(Information provided):

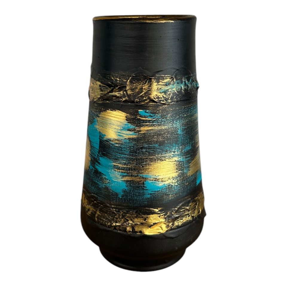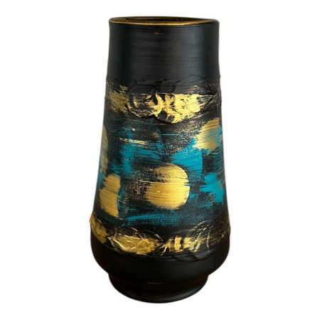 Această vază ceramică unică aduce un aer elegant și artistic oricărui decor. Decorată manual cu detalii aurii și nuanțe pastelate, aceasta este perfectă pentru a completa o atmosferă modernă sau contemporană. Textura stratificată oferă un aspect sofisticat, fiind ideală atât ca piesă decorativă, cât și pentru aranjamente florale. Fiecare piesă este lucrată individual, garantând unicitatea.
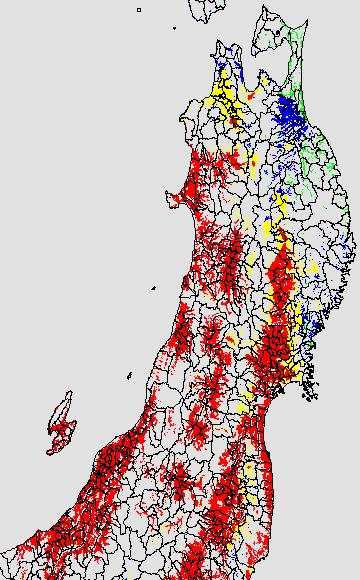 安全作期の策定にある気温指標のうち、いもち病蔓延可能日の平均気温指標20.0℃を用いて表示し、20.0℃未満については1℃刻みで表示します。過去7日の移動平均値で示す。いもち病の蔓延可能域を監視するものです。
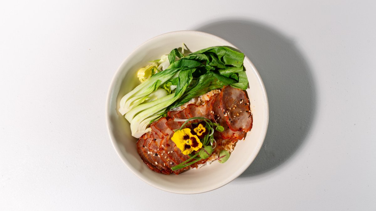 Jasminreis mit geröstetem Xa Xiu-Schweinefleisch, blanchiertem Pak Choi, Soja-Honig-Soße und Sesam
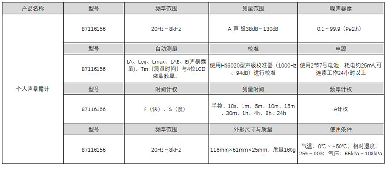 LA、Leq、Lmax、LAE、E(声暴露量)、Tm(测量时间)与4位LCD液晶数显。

(Aim of the exercise):
Please print the span that begins at the line holding "Jasminreis mit geröstetem" and ends at the last line of the data, both ends included, with no pictures.

(Solution to the problem):
 Jasminreis mit geröstetem Xa Xiu-Schweinefleisch, blanchiertem Pak Choi, Soja-Honig-Soße und Sesam
 LA、Leq、Lmax、LAE、E(声暴露量)、Tm(测量时间)与4位LCD液晶数显。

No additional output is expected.